In his book, written several years after moving on from Molineux, Roberts was particularly critical of a section of the Wolves fanbase, and here, he explains why.

“It was a coincidence that while I made my Leicester debut against Wolves, my Norwich debut was also against Wolves.

“And this time a certain Robbie Keane stole the headlines with a brace on his debut!

“I had a really bad game, and Wolves fans, as they always did, travelled in their thousands so there must have been over 3,000 at Carrow Road.

“They absolutely slaughtered me, and that hurt.

“I wasn’t expecting the red carpet treatment of course, I’d only been at Wolves for 12 months, but I hadn’t wanted to leave and I did think those goals against the Baggies might have got me a slightly better reception!

“That is football, and I understand it, but every time I went back to Wolves with Norwich I got absolutely slaughtered.

“I don’t think it was anything to do with the 12 months I was there, I felt that the fans really took to me, and I will always be thankful that they didn’t criticise during those early games when I didn’t score.

“So yes, I was disappointed at the time, but I think we have all moved on and now, I follow a lot of Wolves fans on social media and vice versa and there is nothing but love.”
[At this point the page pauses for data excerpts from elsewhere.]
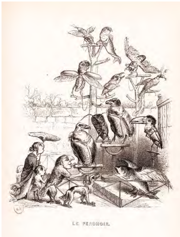
5. Grandville, Le Perchoir , gravure sur bois, dans Un autre monde. Transformations, visions, incarnations, ascensions, locomotions, explorations, pérégrinations, excursions, stations... , Paris, H. Fournier, 1844, planche hors-texte, face p. 114. Paris, Bibliothèque nationale de France, département Réserve des livres rares (Rés-Y2-1011).

moyen de monstres, manifeste sa capacité à transformer les espèces. Prouver leur variabilité permet de contester leur fixité, thèse défendue par Georges Cuvier contre Étienne Geoffroy Saint-Hilaire dans cette querelle dite des analogues. Le second voit des analogies entre les différentes espèces et dans le plan de composition de tous les organismes. Les monstres humains, quand ils présentent des parentés avec des animaux, témoignent de ces analogies. Grandville, qui a consacré une grande partie de sa production à la création de monstres sous la forme d'hybrides d'hommes et d'animaux, a plusieurs fois traité des sujets relatifs à la tératologie dans son œuvre de caricaturiste de presse et d'illustrateur. Les trois planches de la série Cabinet d'histoire naturelle 42 présentent les personnalités politiques au pouvoir, dont les visages sont entés sur le corps d'espèces animales, lesquelles, parce qu'elles sont alors inconnues ou méconnues, recèlent une étrangeté certaine. Il faut rappeler que l'animal sauvage est alors presque unanimement considéré comme un ennemi qu'il convient de détruire 43 . La curiosité du public, attestée par la célébrité de Jack l'orang-outang (transporté de Bornéo à Paris en 1836 et mort l'année suivante) ou de Zarafa la girafe (offerte à Charles X par Méhémet Ali en 1827), s'accompagne fréquemment d'agressions, ainsi qu'en témoigne le relevé des exactions commises envers les pensionnaires de la ménagerie du Jardin des plantes 44 .
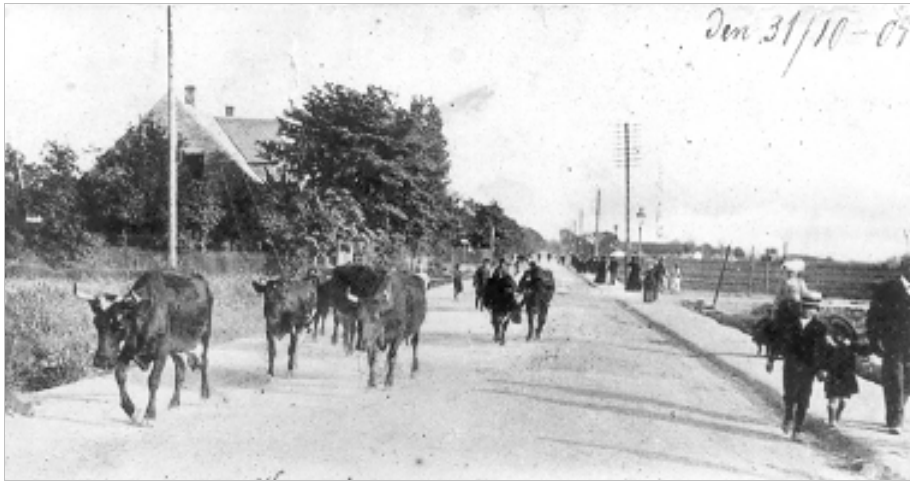
Køer på vej hjem fra Fælleden. - Amager Landevej 1904.

lavt, takket være kreaturerne, og det gav udmærket mulighed for at se et ejendommeligt fænomen, nemlig hundredvis af lave tuer, 30-40 ca. høje, kredsrunde og smukt hvælvede med en diameter på op til en meter. På visse områder, især nærmest ved indgangen fra leddet ved Finderupvej, lå de ganske tæt, så vi med lethed kunne springe fra tue til tue under de mange lege, vi opfandt derude. Af og til var de bøfler på prærien, som vi grumme og frygtløse indianere nedlagde med vore buer og pile, og andre gange var de glimrende grundlag for fangelege i mange variationer - undertiden med springstænger.
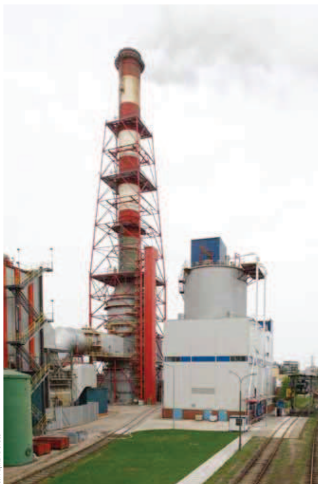
Rys. 2. Komin jedнопrzewodowy z TWS posadowiony na absorberze

Stosunkowo nowym rozwiązaniem konstrukcyjnym kominów do odprowadzania odsiarczonych spalin jest aplikowanie wykładziny z bloczków z piankowego szkła borokrzemianowego bezpośrednio na wewnętrzną
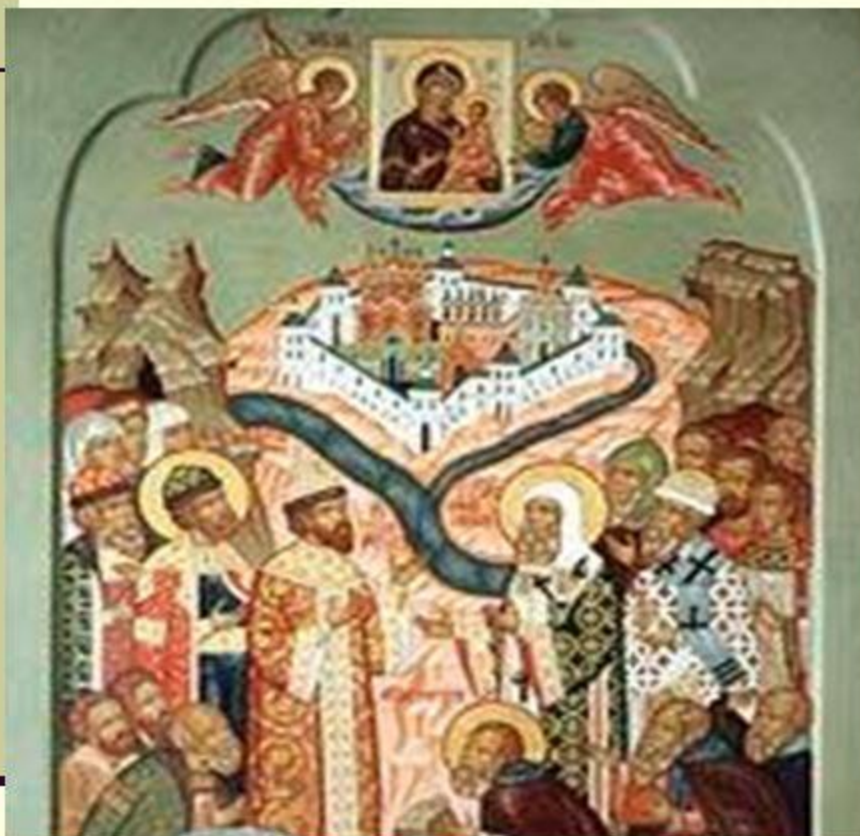
М. Б. Шабает. Икона «Встреча Ивана Грозного с митрополитом Макарием»
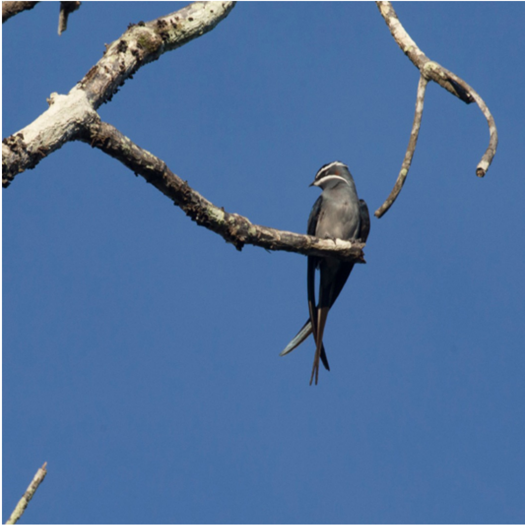
Bartbaumsegler ( Hemiprocne mystacea )
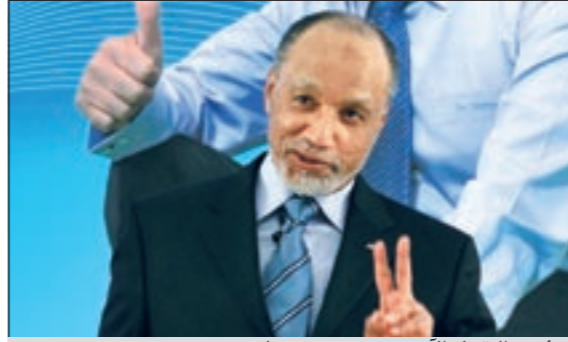
رئيس الاتحاد الآسيوي محمد بن همام

20 مليون يورو من أموال الـ «فيفا» لفريق العمل لمكافحة الفساد بالتعاون مع المنظمة الدولية للشرطة الجنائية «الانتربول». وكتب بن همام على مدونته الشخصية: «أصبح واضحا مرة أخرى في الأيام الماضية ان هناك حاجة ماسة لتحسين صورة الـ «فيفا». لقد تم جزّ إطار جولة للدعاية ومنظمتها الرائدة إلى الوحد مرة جديدة». وتابع بن همام انه تحت رئاسة بلاتر: «من
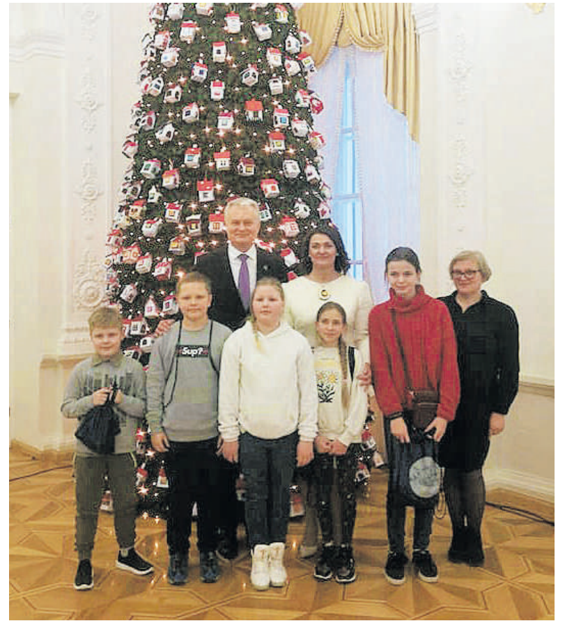
Moksleivius iš Rokiškio rajono priėmė Prezidentas G. Nausėda ir Pirmoji Ponia D. Nausėdienė.
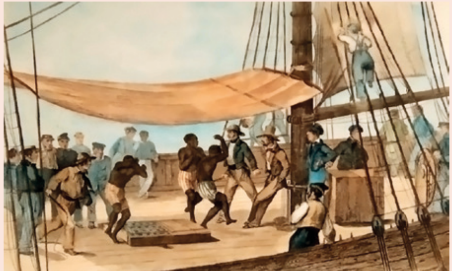
Itsasontzietan esklaboen hilkortasuna izugarri handia zen, ematen zitzaizkien tratuetatik, pilaketatik eta gaixotasunengatik.
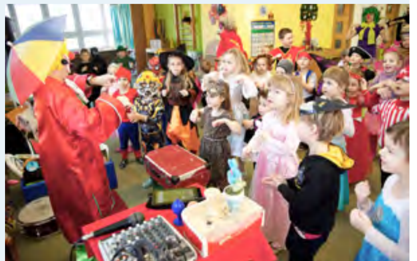
KLAUN A DĚTI. Pohádková zábava na Komerční.
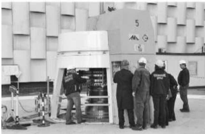
"Подмлађени" агрегат у ХЕ "Ђердап 1"

Јавни увид у Нацрт овог документа и поменути извештај траје до 15. априла. Своје примедбе физичка и правна лица могу доставити у писаној форми током трајања јавног увида, а Јавна седница комисије за јавни увид је заказана за 20. април у просторијама Општине, са почетком у 12 сати. Тој седници ће уз представнике локалне самоуправе присуствовати и представници обрађивача, суботичког "GeoEXPERT". С.В.
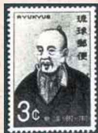
琉球切手に使用された蔡温

三司官就任の4年後に立案した政策「御教条」には「琉球の人民はどうあるべきか、どうするべきかを示している。土族のありかた、地頭職の役割、農民の義務、子供の教育、敬老の精神、ユタの禁止」など
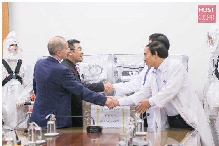
Cérémonie de remise des premières civières médicales de l'Institut Polytechnique de Hanoi à l'hôpital Bach Mai et à l'hôpital national des Maladies tropicales, le 14 octobre 2020 à Hanoi (Vietnam).

L'appel à projet vise à valoriser l'apport des universités membres de l'AUF au développement de solutions à impact technologique et/ou social immédiat pour aider les systèmes de santé et les populations à faire face aux difficultés provoquées par la pandémie du COVID-19. À travers cette action, l'AUF entend soutenir le développement d'initiatives innovantes et responsables, adaptées à leur écosystème et à impact immédiat.
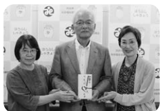
表流 防和会 様
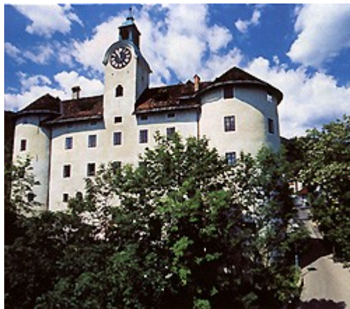
Slika 4: Grad Gewerkenegg, danes v njem stoji mestni muzej in Glasbena šola Idrija

Znameniti idrijski grad Gewerkenegg, ki sicer nikoli ni služil za obrambo, je bil zgrajen leta 1527. Njegov namen je bil shranjevanje živega srebra in domovanje rudniške uprave.

Time is indeed a great healer, and there is certainly that affiliation towards Roberts for his derby day heroics, to the extent that any problems he has with parking at Molineux when travelling on media duties are usually solved by being recognised – and waved through!

And so, next Wednesday, 25 years on, the clips from that magical afternoon will be shared once again, Roberts will enjoy watching and digesting them just as much as he has throughout the rest of the previous quarter century, and one of those fantastic footballing Wolves awaydays from recent history will continue to endure.

“When people post anything on social media I will always have a look, and it still gives me a massive buzz,” he says.

“When that third one hits the back of the net, even when I see it now, it still makes the hairs on the back of my net stand up.

“I was only at Wolves for 12 months, and I only scored 12 goals, but it’s nice to think I contributed that day to a really happy experience for all the fans.

“Even though I didn’t score as many as I would have liked, and wasn’t at the club for as long as I would have liked, hopefully the fans appreciated what I did, and certainly those two games against the Baggies!”